我々も今までいろいろやってきましたけど、毎度ここぞというタイミングでこう、立法事実が湧いてくるんですよね。ちょうど日本法に足りないところを突いて、やらかしちゃう人が出てきて、やっぱりこの法律はこう解釈しないといけないとか、改正してちゃんと規定入れないといけないねってなるのを、何回も繰り返してきましたけども、今度はなんと、デジタル庁が立法事実となろうとしているという、これが一つの結論。それで、今後どう個人情報保護法を改正していく必要があるかっていう話を、後半でしたいと思います。
じゃ、もう一点は山本さんのほうからお願いします。
山本一郎氏の4つの結論
山本:高木先生の結論とややかぶるところがありますが、続けて4点まとめて、この教育データ関連議論の結論として提示させていただいております。
まず、「a.個人情報保護法は、もう一度、改正が必要なのではないか」について。
高木さんのおっしゃった通り、現行の教育データ利活用に関して、個人情報保護の観点からしますと、OECDガイドラインだけでなくGDPRも必要最小限度の情報取得の要請に関して、適切に担保できないのではないかという強い懸念を感じます。OECDガイドラインのいう利用目的に対する個人データ取得の適正性と、GDPRが求める最小限度のデータ範囲っていうところですね。このあたりも含めて考えると、日本の個人情報保護法上では適法でも、これらの国際的枠組みからは逸脱しているのは明白ですのでもう一度改正が必要になってしまうのではないかと。今回の令和3年改正での個人情報保護法を守っているだけでは、少なくともOECDガイドラインに関しては、抵触をする。国内法としては適法なんだけれども、国際的な情報法制の枠組みからするとやや遅れていてこれへのハーモナイズを求められていくであろうということが、この教育データ利活用の議論ではっきりしたのではないかなという風に思います。
続いて、「b. 教育データ利活用を根拠づけるための新法か、既存法改正が必要なのではないか(条例で実施したり、適切ではない調査研究で政策決定してはだめ)」について。
教育データの利活用に関する根拠についてでございます。で、これはもうすでに先行している実証研究が複数サイトにも上がってます。例えば、大阪府大阪市、大阪府箕面市、あと足立区など、基礎自治体で行われている子ども見守り事業ですね。これは、児童福祉(Child welfare)で、これ自体は非常に重要な観点です。子どもの、いわゆる虐待であったりとか、もしくは生活保護世帯などでの子どもの生活環境の悪化に伴って、例えば給食費が払われない、学校の成績が急落している、もしくは子ども同士の間で、あまりいい馴染み方が出来ていない等々の、子どもの見守り事案っていうのが発生しています。こども家庭庁設置議論においても、同様の児童福祉は必要ということで、関係部門間の連携をどうしようという議論があるのは皆さまご承知の通りです。

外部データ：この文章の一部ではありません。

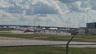 Near the end of the show, as we headed back to the vehicle to avoid the claustrophobia of walking in a big crowd, I snapped this photo of the RCAF Snowbirds crew heading to their planes to begin their act. I've interviewed a couple of the Snowbirds personnel for Volume 1 of my book, so now I'm even more interested in their work than before.
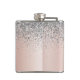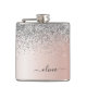 Rose Gold - Blush Pink Silver Glitter Monogram Hip Flask

一方で、ここにおいて、心の天気ということですね、子どもに「あんた、どういう機嫌で、今日は学校に来たのかい?」みたいなことを、定性的評価を数値に落とし直してデータ化して、ダッシュボード表示します。明らかに、子どもの感情や気分といった内面にかかわる話です。で、この後詳述させていただきますけど、憲法問題も含めた非常に大きな枠の話になるのではないかと思っています。おそらくは、自治体の条例レベルでですね、学校における教育の現場に対して「これやりますからよろしくお願いします」っていう形で依頼してそのまま実施できるものでは、本来ないのではないかと思うわけです。まさに今、話が進んでいる子ども家庭庁の子ども見守り事案も含めて、教育データの適切な利用について、どういうふうに考えていくべきなのか?このあたりが論点として出てくるのかなと思います。なにぶん憲法事案ですので、ここは、まだ濃いグレーなのかなあっていうニュアンスなのですけども、慎重な議論がされるべきということで、論点としては提示させていただきたいと思います。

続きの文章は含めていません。